For black box I would recommend LRA or XMat. The Google colab above shows both of these APIs on the L1 attention. In this new API there are two LRs. LR params is the learning rate for the weights of the NN. LR precond is the LR of learning the curvature. Reducing the LR of precond should help reduce divergence. Also there is a gradient clipping argument. You can try setting that to 100 or 1.

tlh24 commented 4 months ago

Thanks for the quick responses! The new API demonstrated in the collab notebook works great, fixed the instability.

AdamW, L1 attention (CUDA implemenation), zeroinit: image PSGD, L1 attention (CUDA implementation - finite differences Hessian approx), zeroinit: image More loss plots here, including comparison to dot-product attention: https://docs.google.com/document/d/1Pp3UdY1LfegG93POeqCEuoULyWhCKAq7vOlqqEP__ws/edit?usp=sharing

Final question before we can mark as closed: weight regularization best done through the loss? Or is there a parameter for that, ala weight decay?

opooladz commented 4 months ago

I took a look at ur document. I would set lr_params=0.1 or 0.01. 0.001 is a bit too low for PSGD. We have a normalized learning rate so lr_params = 0.01 should be fine for most things. Technically having an lr > 1 doesnt make sense for PSGD but empirically ive seen it work well up to 10 even. As you increase the lr_params you can consider reducing the grad_clip_max_norm from 100->1 if you are seeing divergence.

There is another parameter lr_preconditioner that is also default = 0.01 but one can reduce or increase that to get different performance as well (I see you have adjusted this). If you increase that lr it will update the curvature information fast and converge quicker but there are times it wont find the optimal solution, and will usually act more like Adam or SGD.

Also you can (and probs should) on the fly reduce both lr's, here is an example of this.

If your NN is small enough one can use the Newton preconditioner for strong results. If you want to just use the diagonal preconditioner you can set the rank=0 in the LRA version of PSGD.

On weight decay, I think you are asking if we have some decoupled adam style weight decay. We do not. We find that this style of wd really only helps regret style optimizers and doesnt really add any benefit to PSGD or really SGD. Although I did not test it extensively on transformers, which is where decoupled weight decay is king. We have an implicit regularization on the weights, that is, the delta in the gradients and the delta in the parameters of the NN are balanced. I suspect this is why that style of weight decay doesnt really help in PSGD as the weights and gradients are already balanced. You can read more about this in PSGD Xilin 2015 criterion 3. For us we find that doing the explicit weight decay as a part of the loss works just fine, we also find that adding some randomness to the decay value tends to break some symmetries to find a better solution.

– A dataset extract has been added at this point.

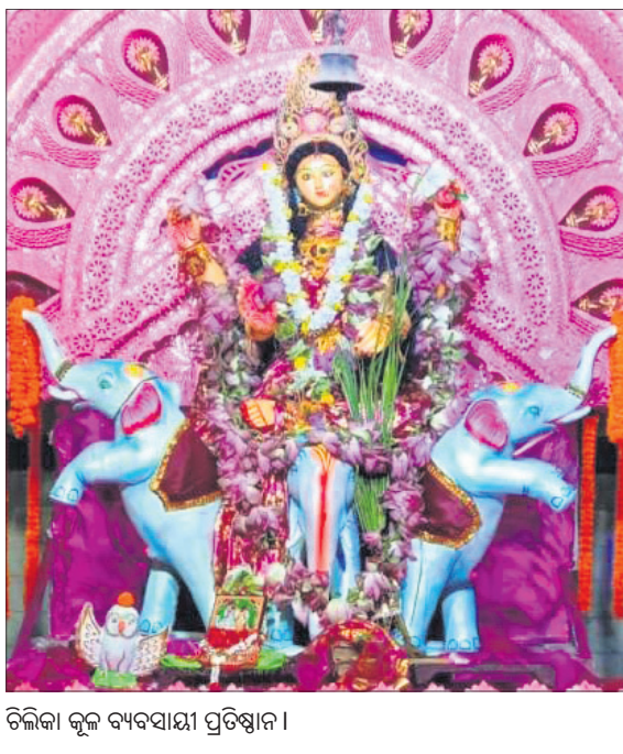
ଚିଲିକା କୁଳ ବ୍ୟବସାୟୀ ପ୍ରତିଷ୍ଠାନ।

Thank you for your interest in PSGD.

tlh24 commented 4 months ago

Very helpful, thank you.
Training with higher lr_params and lr_preconditioner both at 0.01 with gradient clipping set at 5 seems to have solved any remaining instability.

optimizer = psgd.LRA(model.parameters(),lr_params=0.01,lr_preconditioner=0.01, momentum=0.9, preconditioner_update_probability=0.1, exact_hessian_vector_product=False, rank_of_approximation=10, grad_clip_max_norm=5)

Yes, was asking about decoupled weight decay -- I'll add L2 weight regularization with randomness as you suggest.